The film was made by two stuntmen turned producers, Billy and White Hughes. They were from Arkansas and White Hughes had doubled for John Ashley a number of times. Ashley says the brothers "went back to Arkansas and promoted a bunch of turkey ranchers to put up some money, I think about $400,000. They did this on the basis of them being able to deliver Walter Brennan." Ashley says Brennan agreed to make the film if his son Andy would direct. John Ashley knew the Hugheses and agreed to be in it because he wanted to work with Brennan. " I'd do it for nothing, but if I committed to it and it turned out that they didn't have him I'd walk out," said Ashley. He says they got a gaffer, Mario Tosi, to work on the film by giving him the opportunity to be cinematographer. Ashley made it shortly after Beast of the Yellow Night.

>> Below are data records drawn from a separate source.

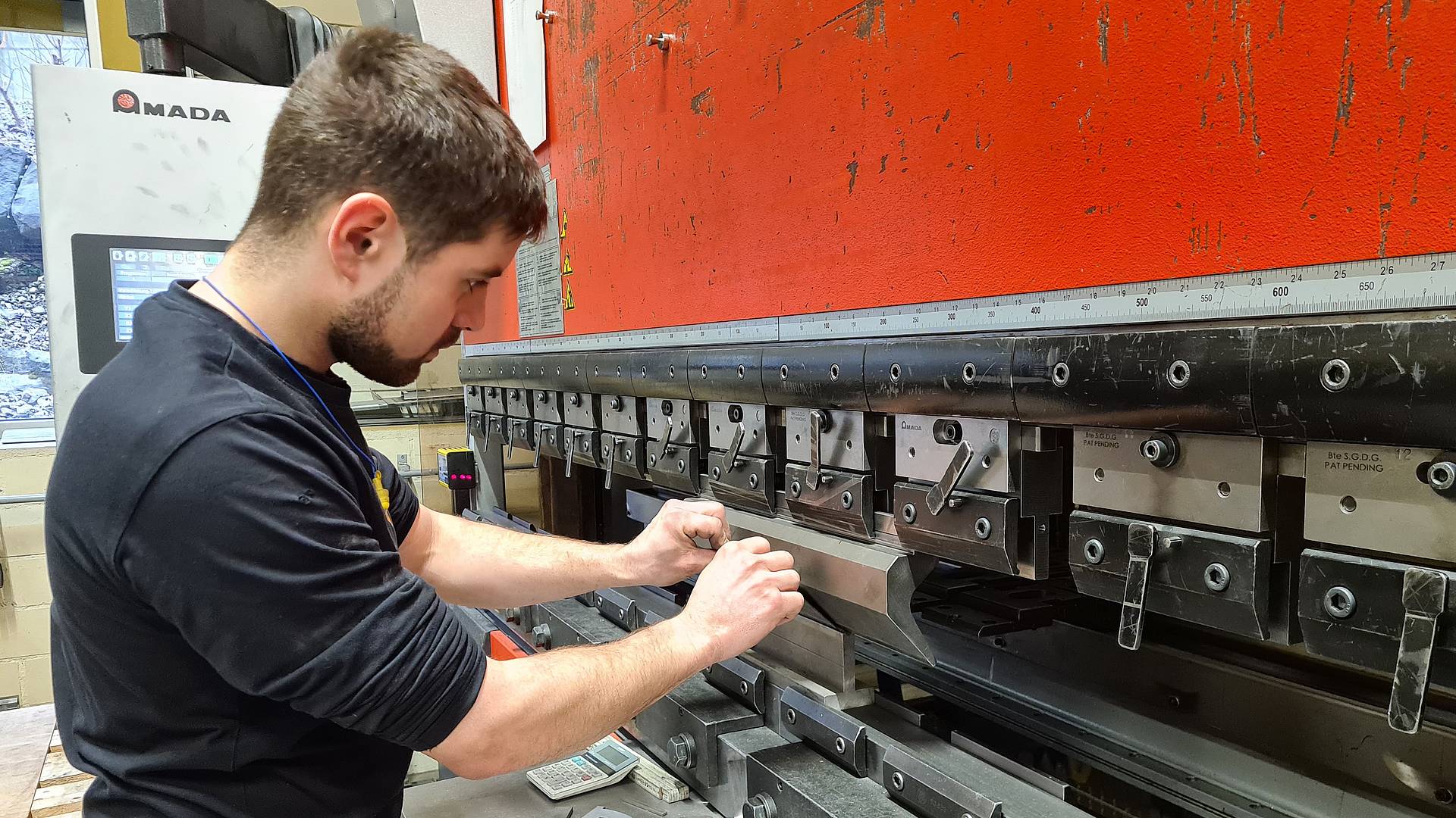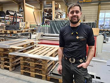 Abkanten, walzen, schleifen und schweissen – Marco Manser fasziniert, wie vielfältig die Metallverarbeitung ist. «Obwohl Metall ein kalter Werkstoff ist, kannst du es für alles einsetzen», sagt der Absolvent des Lehrgangs Metallbau-, Werkstatt- und Montageleiter*in mit eidg. Fachausweis FA. Eine Aussage aus dem Studium an der Baukaderschule St.Gallen prägt seine Arbeit bei der Grütter Metallwaren AG in Herisau besonders.
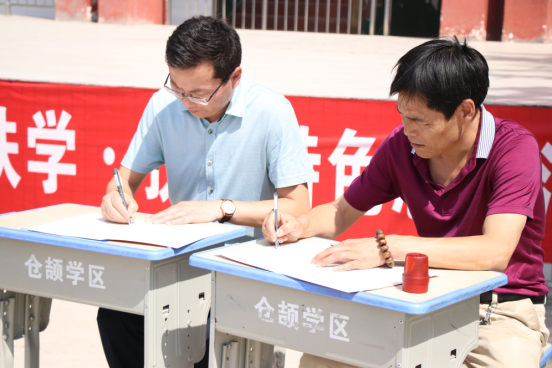 随后,我校团委副书记姚明亮和白水县仓颉学区党支部书记李江虎共同签署《共建大学生社会实践基地协议书》。校党委副书记赵伏友和白水县教育局党委办主任张向智为我校在白水县建立的第一个大学生社会实践基地揭牌。社会实践团队长闫保文同学作发言,他承诺实践队既向仓颉学区的孩子们传授知识,又积极关注孩子们的心灵成长,努力完成“扶学·扶志”支教活动。仓颉学区李耀强主任代表学校进行了讲话,他对我校大学生来到仓颉学区支教实践表示欢迎,对实践支教活动的形式和内容给予肯定,希望实践团队的全体同学能够发挥各自所长,带给学区孩子们不同的暑期体验。
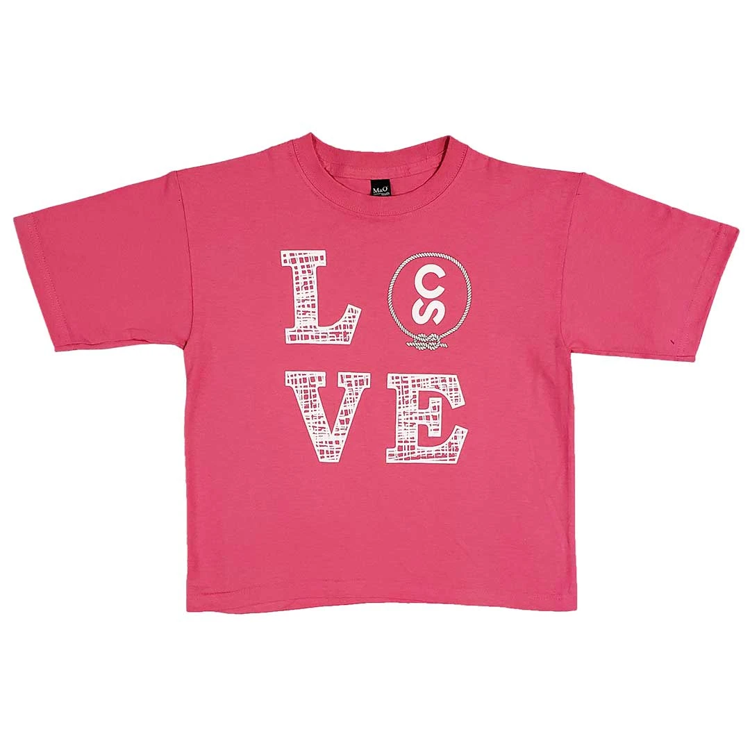 Custom made for the Calgary Stampede, this pink t-shirt features a cute L.O.V.E. design with a circle rope CS logo as the O.
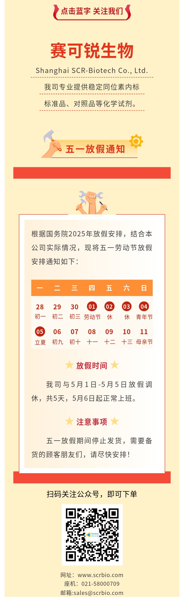 上海賽可銳(Shanghai SCR-Biotech Co., Ltd.)五一放假通知!
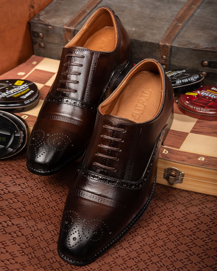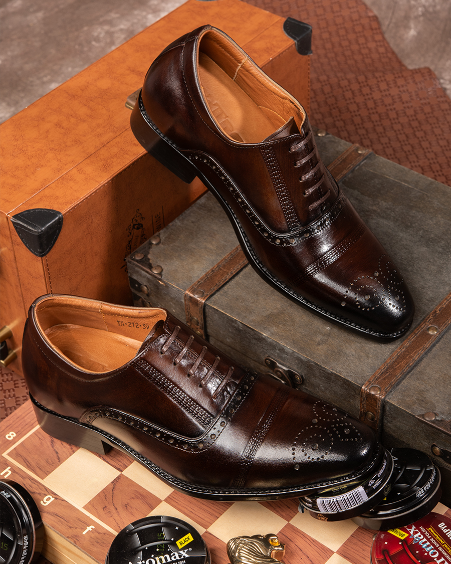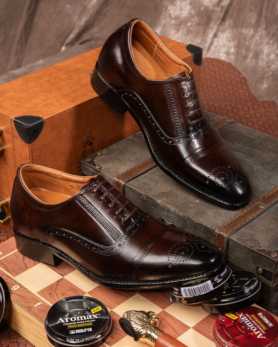 - Khi đi làm, với một đôi giày đế cao nam Oxford hay Derby đánh màu thủ công Patina dù đứng cạnh đồng nghiệp hay xã giao cùng đối tác, anh sẽ luôn phong độ, tự tin mà chẳng sợ bị lép vế.
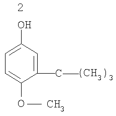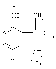В качестве антиокислительного компонента фенольного ряда используют бутилгидроксианизол или бутилгидрокситолуол, или трет-бутилгидрохинон, или 2,2,4-триметил-8-метокси-1,2,3,4-тетрагидрохинолин, а в качестве пищевой кислоты используют лимонную или молочную, или яблочную, или уксусную. Компоненты, используемые в качестве антиокислителя гигиенически безопасные производные фенолов, отличаются большим удобством в обращении. Они идентифицированы по токсикометрическим исследованиям как пищевые добавки и входят в список компонентов, которые рекомендованы для использования в контакте с пищевыми продуктами (СанПиН 2.3.2.1293-03 «Гигиенические требования по применению пищевых добавок», раздел 3.4. Минздрав России, Москва, 2003 г.). Они неагрессивны, не имеют запаха, малотоксичны, термостабильны, стабильны при хранении, эффективны в малых количествах (20-200 мг/кг продукта). Они разрешены к использованию в пищевой промышленности, медицинской практике и в быту. В то же время следует помнить, что все они, будучи применены как индивидуальное средство, задерживают процесс окисления жиров только ограниченное время (период индукции – 40 часов при оптимальном содержании). Ниже приводятся их характеристики. Бутилгидроксианизол (БОА) – 3-трет-бутил-4-гидроксианизол (Е-320). Смесь двух изомеров – 2 трет-бутил-4-метоксифенола (1) и 3-трет-бутил-4-метоксифенола (2).
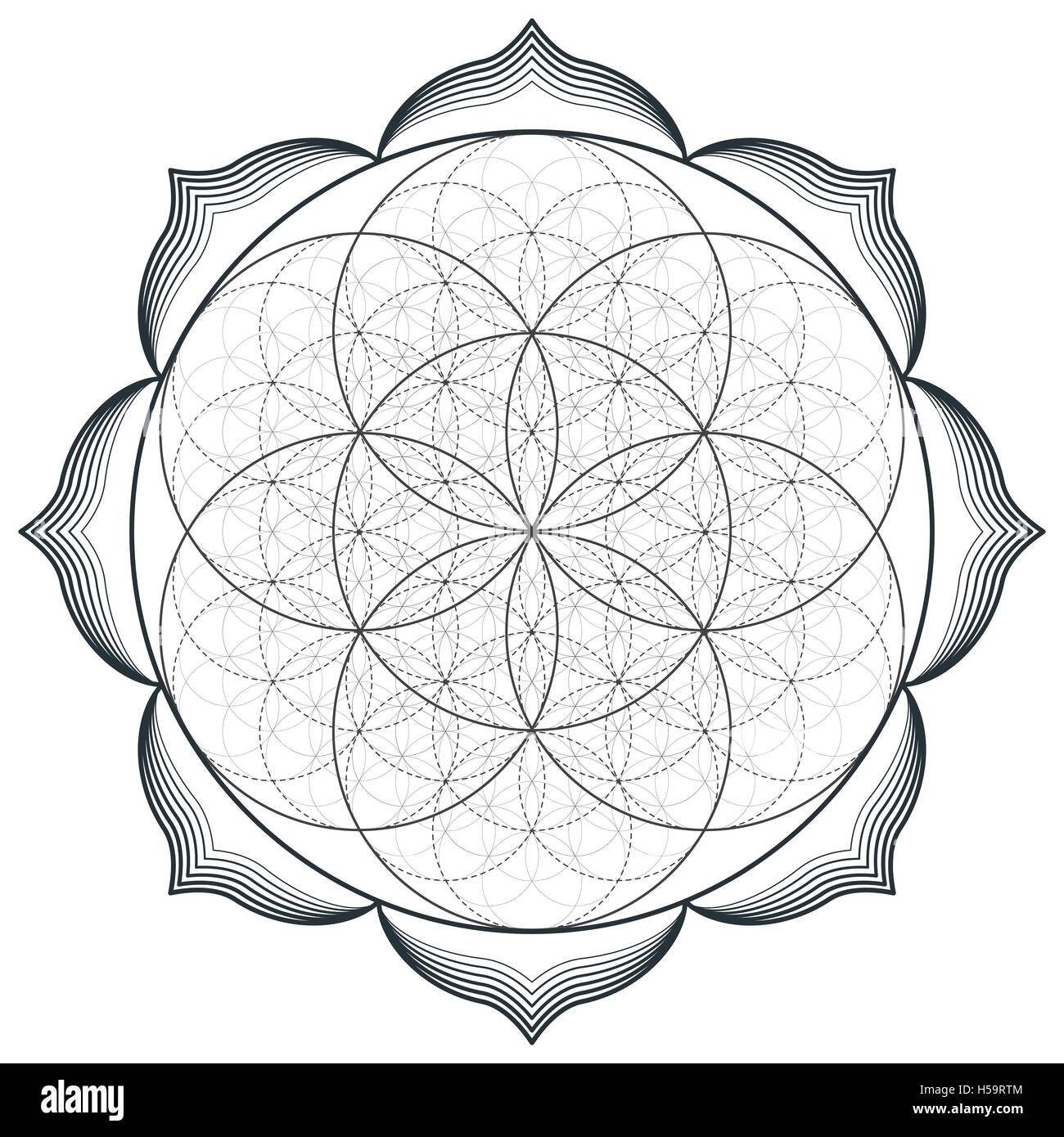 Vektor Kontur Monochrome Gestaltung Mandala Heilige Geometrie Abbildung Samen Blume Des Lebens Lotus Weissen Hintergrund Isoliert Stock Vektorgrafik Alamy

According to Ashley filming was difficult and Andy Brennan "had some personal problems. And it was not going well". The Hughes brothers replaced him with Joe Kane. Walter Brennan stayed on the film even though he was ill with emphysema at the time. Ashley says the filmmakers ran out of money after filming was completed; Whitey Hughes eventually raised the money to complete it.

"I was so impressed with Walter, said Ashley. "He hung in there. He got to know these ranchers, and they would hang out at this trailer. He had done this movie for his son, but he wouldn't walk off the movie. ... Any moment that I had, that I wasn't in front of the camera, I would go sit in his trailer and ask him questions about the
old days, he was a great story teller. That's the whole reason I did the movie. I would have paid them to hang out with this guy."

Ashley later said he was not happy being billed over Brennan.

==Reception==
The Monthly Film Bulletin called the film "lethargic".